金石走了后,陈时在客堂坐了会才反应过来自己一会要去做什么。
商量定亲。。。那他要准备什么?对了,礼品。。。可家里一穷二白,没什么拿得出手的,现下再去城里准备也来不及,陈时原地转了两圈,才想起来去年晒得木耳和香菇还有一些,陈时跑去翻出来,木耳和香菇都用油纸包的好好的,他检查了一下,没有发霉长虫,能送人。
还有鸡蛋,虽然金家有,但为表诚意还是得拿一些,陈时数了二十个,双数。
腊肉也带上,不能拿金石给的,陈时拿了两吊去年自己晒的,虽然不及金石给的重,但成色不错,还有猪肉,杂货铺这会应该还有卖,陈时拿了钱,兴冲冲跑去买了一吊猪肉。
他一买就是两斤多,弄的陈灵想很是好奇:“这时辰你买这么多,家里有人来了?”
陈时只是摇了摇头,他抿着唇,眉宇却看得出来很高兴。
当然,仅限于郭盛。
陈时回了家,将东西用篮子装起来,数了下共五样,送礼有讲究,一般都是双数,他又去后院摘了一把牛皮菜,凑够了六六大顺之数。
完了才发现自己身上穿的是做工的衣裳,太暗太沉,也许金玉看了会觉得他老气,陈时翻开衣柜,找了一圈,只找到一件靛青色的衣裳,他记得还是那年郭盛成亲时,他随同去接亲,郭盛让他穿好一点他才去买的成衣。
也就只有这一件合适了,陈时翻出来,抖了抖,好在他有时常晾晒衣裳的习惯,新衣裳没有压箱底的味道。
他准备再擦洗下,提提精气神,于是又飞快去洗漱一番,三月的天,他凭着一腔热火挡住了寒意。

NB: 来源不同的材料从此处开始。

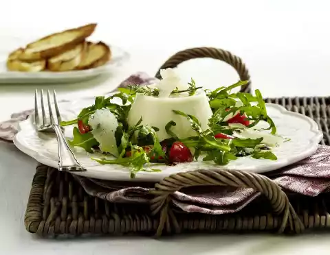 Clean the arugula, wash it. Wash and quarter the tomatoes. For the marinade, mix vinegar, salt, pepper and some sugar. Fold in the oil. Turn out the panna cotta onto plates. Arrange lettuce and tomatoes around it and sprinkle evenly with the marinade.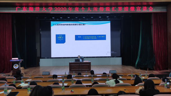 为积极落实“学党史,为师生办实事”,解决好师生关心的个人所得税汇算清缴操作流程和有关政策等问题。3月18日下午,财务处邀请国家税务总局湛江市麻章区税务分局专家杨小梅在湖光校区主楼多功能厅举办了“2020年度个人所得税汇算清缴宣讲会”。宣讲会由财务处副处长白冰主持,参会人员有各学院(部门)办公室主任及负责人员、关心个税年度汇算清缴的师生,共计一百多人。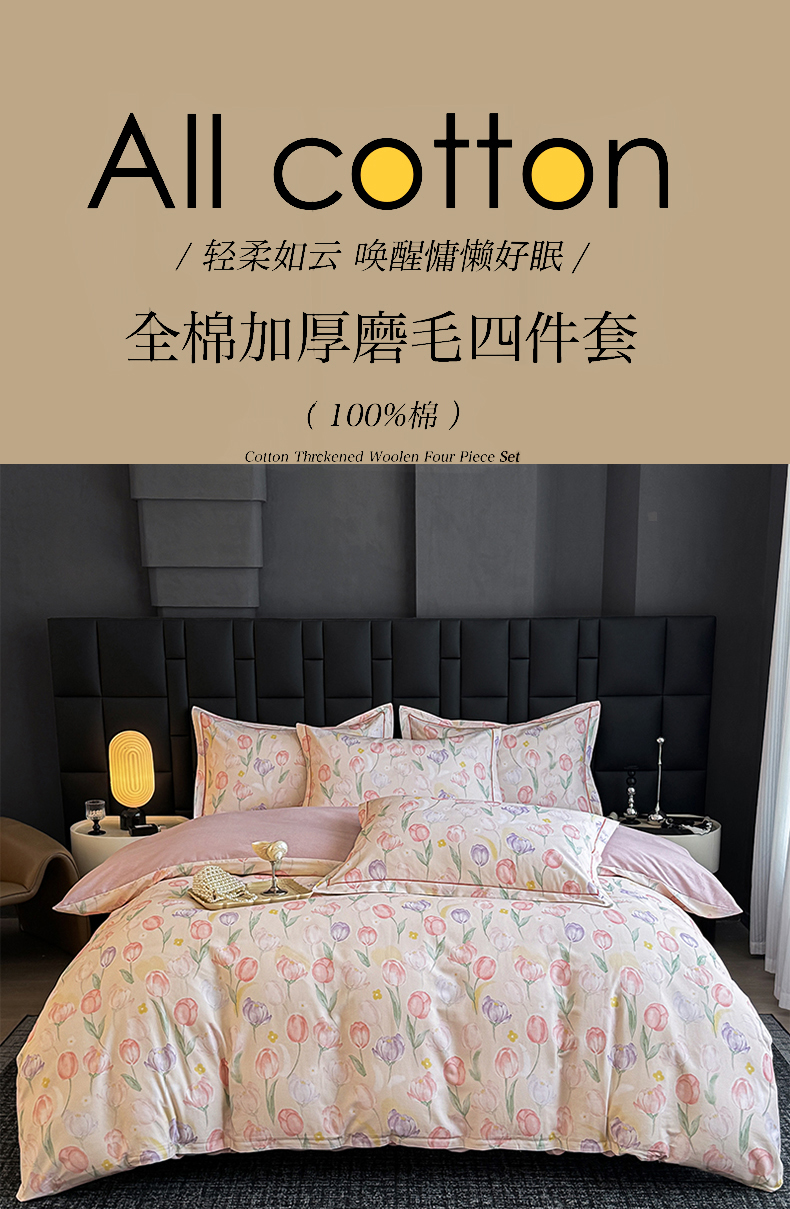 当前位置: 91家纺网 > 商品网购 > 床品套件 > 四件套 > 全棉普通四件套 > 金盛纺 2025新款全棉纯棉加厚磨毛印花四件套 春光郁金
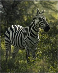 Zebra in a South African savanna with blurred back
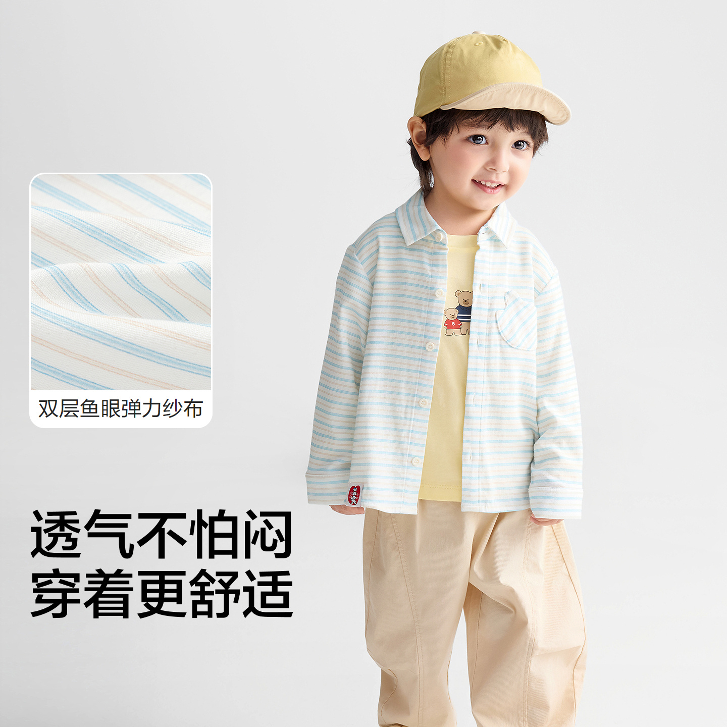 【商场同款】巴拉巴拉宝宝长袖衬衫男童上衣2025新款秋装可爱小熊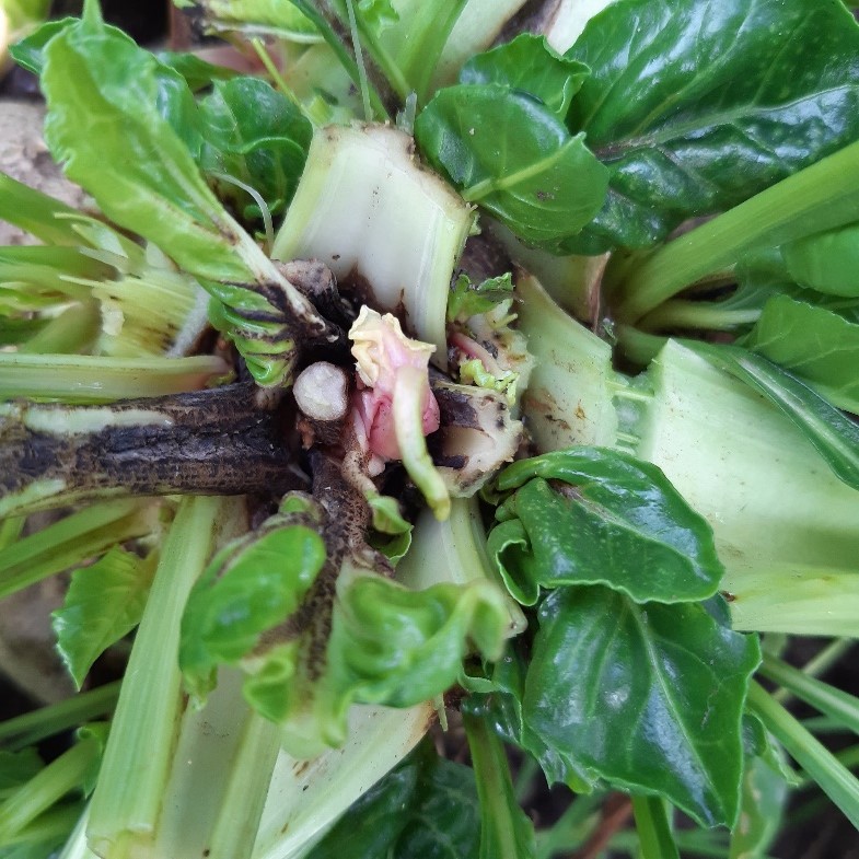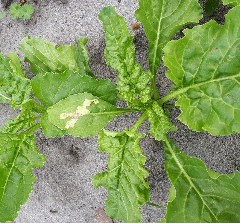 Billede 3 Roeplante med begyndende symptomer på bormangel (Foto: Mogens K. Andersen, SAGRO)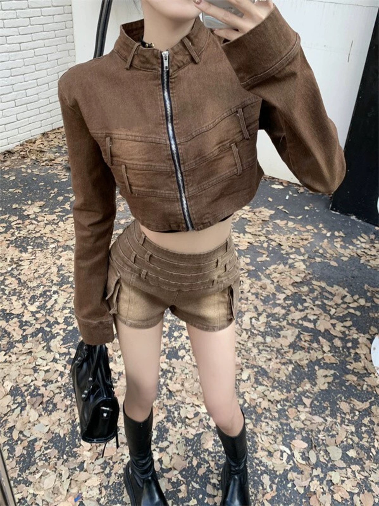 ナナ〜ブラウンカーディガンアメリカンレトロジッパーデニムショートジャケットハイウエストショートパンツ初春新作2点セットレディース ハイウェスト スプリング 春物 ショーツ ブルマー nana85383824088 | modepoisson

穿鞋时发现布鞋破了个洞,但也没招了,这是他唯一的一双布鞋子,陈时默了默,最终还是穿上了,然后他锁上门,双手提着东西去金家。
。。。。。。
金石去找陈时一事金玉并不知晓,金石与石巧凤让他好好想一想,但金玉心中有疙瘩,便一直没给回应,原以为这事能拖一段时间,可安静没几日,也许是地里的活做完了,忽然媒婆接二连三的上门,来说亲的有村里的,有外村的,但都是些只比廖光宗好一些的玩意。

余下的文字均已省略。